Он взял со столика, что стоял под окном между креслами, небольшую темную кружку, поднялся из кресла и двинулся к Страхову.
Человек шел, неторопливо катя перед собой ностальгическую волну. На нем были потертые, но явно от долгой носки, аутентично потертые, не произведенные по технологиям «варенок», «бетономешалок» и «мясорубок» джинсы марки Super Rifle допотопного пошива и фланелевая, с вишневой цветовой основой ковбойка. Такие Страхов когда-то едва успел застать на старшем поколении, когда оно еще было ровесником ему нынешнему.

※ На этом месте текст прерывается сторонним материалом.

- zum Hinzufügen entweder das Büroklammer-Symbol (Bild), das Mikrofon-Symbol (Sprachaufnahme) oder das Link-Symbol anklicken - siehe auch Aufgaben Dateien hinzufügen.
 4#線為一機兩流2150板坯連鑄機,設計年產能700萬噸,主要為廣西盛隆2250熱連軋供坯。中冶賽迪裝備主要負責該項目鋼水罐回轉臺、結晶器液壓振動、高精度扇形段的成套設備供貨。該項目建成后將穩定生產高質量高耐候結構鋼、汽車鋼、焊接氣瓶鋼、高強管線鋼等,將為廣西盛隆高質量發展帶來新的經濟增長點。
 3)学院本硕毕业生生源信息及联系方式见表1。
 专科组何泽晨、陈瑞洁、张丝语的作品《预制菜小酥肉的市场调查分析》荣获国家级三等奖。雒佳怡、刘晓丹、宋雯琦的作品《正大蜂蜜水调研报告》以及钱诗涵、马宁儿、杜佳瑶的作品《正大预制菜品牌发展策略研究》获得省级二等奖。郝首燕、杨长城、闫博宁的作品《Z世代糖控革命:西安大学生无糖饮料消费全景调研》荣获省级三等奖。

Человек шел босым, уверенно и неслышно, и, подойдя, протянул кружку Страхову. У него на запястье были правильные, в стиль, часы — «Стрела» производства Первого московского часового завода, модель примерно 1970 года. Опознав их, Страхов удивился и подумал, не повысился ли его информационный уровень. Не повысили ли его, вообще?..
Он потянулся назад и вверх, чтобы принять полусидячее положение. Только после этого он изучил взглядом кружку. Она была медной. Таких в его детстве не было — были эмалированные, голубенькие снаружи, беленькие внутри, иногда в черными щербинками.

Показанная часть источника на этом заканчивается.